Alickovic Emina, Lunner Thomas, Gustafsson Fredrik, Ljung Lennart
Department of Electrical Engineering, Linkoping University, Linkoping, Sweden.
Eriksholm Research Centre, Oticon A/S, Snekkersten, Denmark.
Front Neurosci. 2019 Mar 19;13:153. doi: 10.3389/fnins.2019.00153. eCollection 2019.
Auditory attention identification methods attempt to identify the sound source of a listener's interest by analyzing measurements of electrophysiological data. We present a tutorial on the numerous techniques that have been developed in recent decades, and we present an overview of current trends in multivariate correlation-based and model-based learning frameworks. The focus is on the use of linear relations between electrophysiological and audio data. The way in which these relations are computed differs. For example, canonical correlation analysis (CCA) finds a linear subset of electrophysiological data that best correlates to audio data and a similar subset of audio data that best correlates to electrophysiological data. Model-based (encoding and decoding) approaches focus on either of these two sets. We investigate the similarities and differences between these linear model philosophies. We focus on (1) correlation-based approaches (CCA), (2) encoding/decoding models based on dense estimation, and (3) (adaptive) encoding/decoding models based on sparse estimation. The specific focus is on sparsity-driven adaptive encoding models and comparing the methodology in state-of-the-art models found in the auditory literature. Furthermore, we outline the main signal processing pipeline for how to identify the attended sound source in a cocktail party environment from the raw electrophysiological data with all the necessary steps, complemented with the necessary MATLAB code and the relevant references for each step. Our main aim is to compare the methodology of the available methods, and provide numerical illustrations to some of them to get a feeling for their potential. A thorough performance comparison is outside the scope of this tutorial.

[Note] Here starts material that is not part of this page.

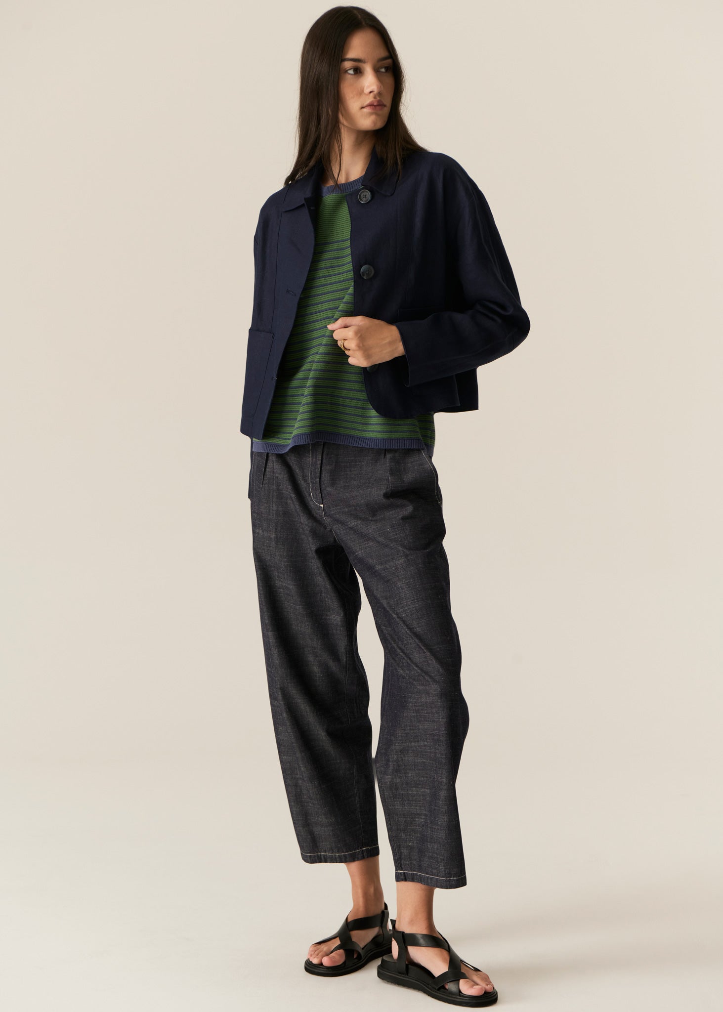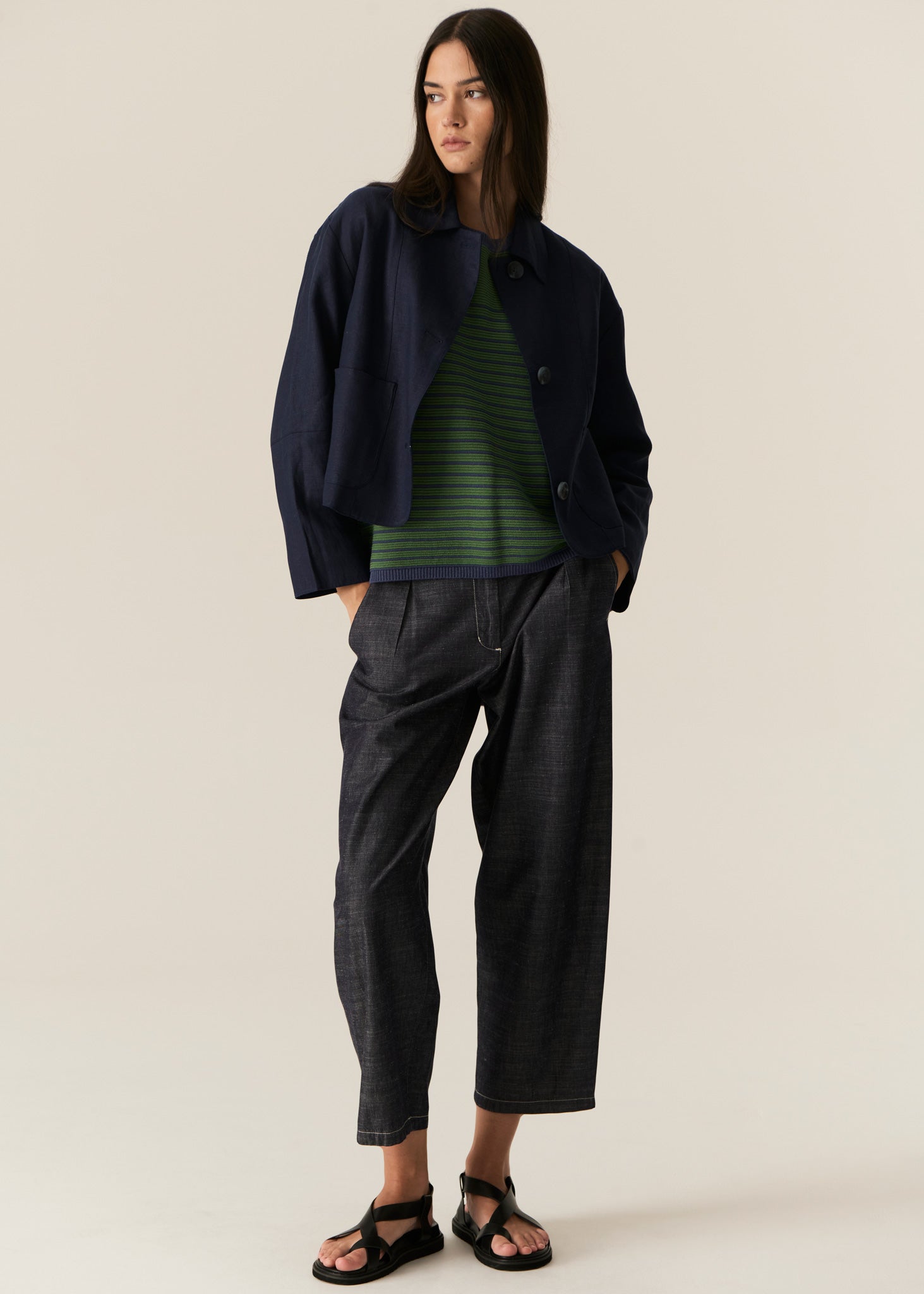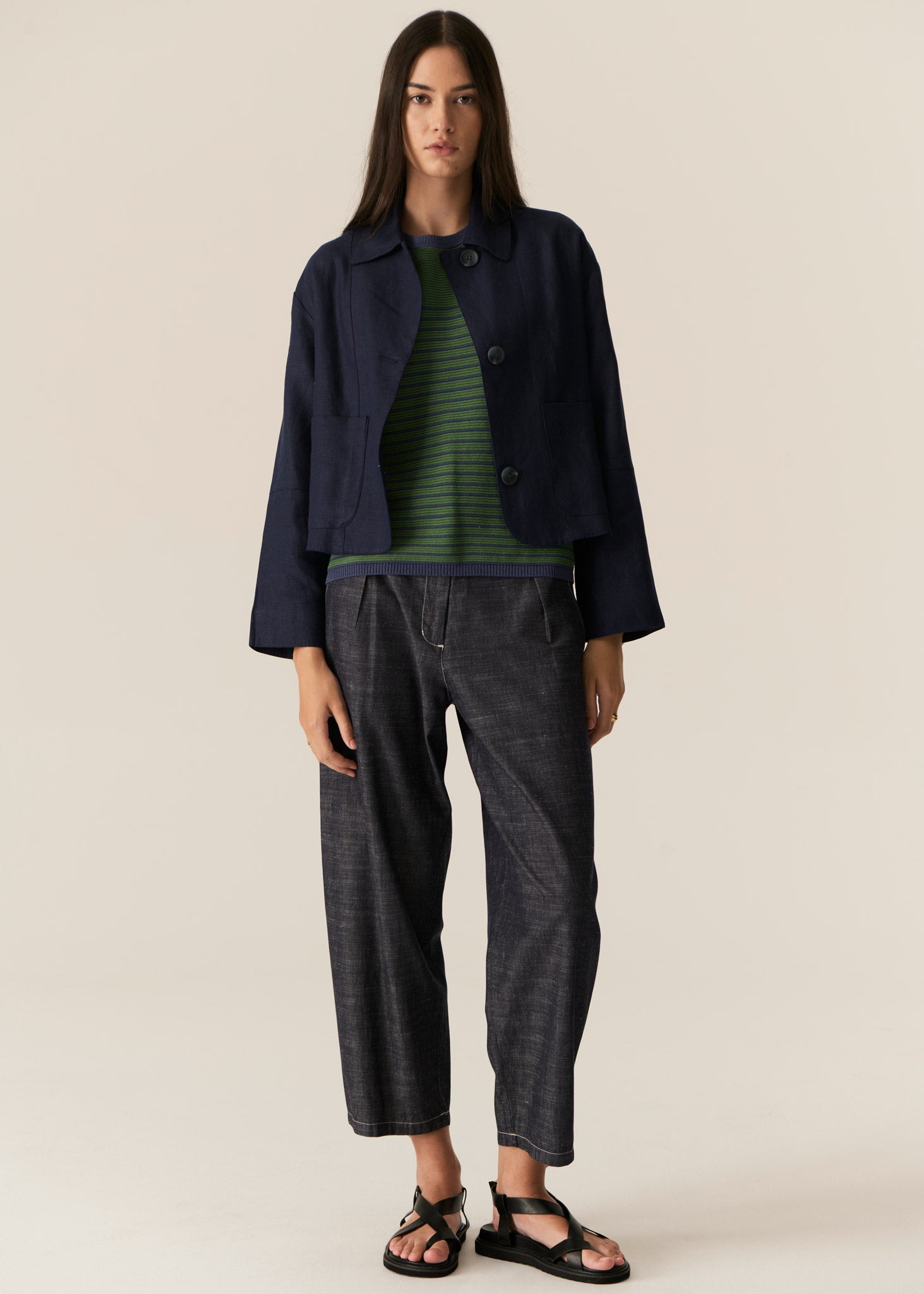 Featuring a boxy cut in pure linen, the Saga Jacket is the perfect layering piece for Spring and Summer.

听觉注意力识别方法试图通过分析电生理数据测量值来识别听众感兴趣的声源。我们提供了一个关于近几十年来所开发的众多技术的教程,并概述了基于多变量相关性和基于模型的学习框架的当前趋势。重点在于电生理数据与音频数据之间线性关系的应用。计算这些关系的方式有所不同。例如,典型相关分析(CCA)会找到与音频数据最佳相关的电生理数据线性子集以及与电生理数据最佳相关的类似音频数据子集。基于模型(编码和解码)的方法则侧重于这两组中的任意一组。我们研究这些线性模型理念之间的异同。我们重点关注:(1)基于相关性的方法(CCA);(2)基于密集估计的编码/解码模型;以及(3)基于稀疏估计的(自适应)编码/解码模型。具体重点是稀疏性驱动的自适应编码模型,并比较听觉文献中现有模型的方法。此外,我们概述了在鸡尾酒会环境中如何从原始电生理数据识别被关注声源的主要信号处理流程,包括所有必要步骤,并辅以必要的MATLAB代码以及每个步骤的相关参考文献。我们的主要目的是比较现有方法的方法,并对其中一些方法提供数值示例,以感受它们的潜力。本教程不涉及全面的性能比较。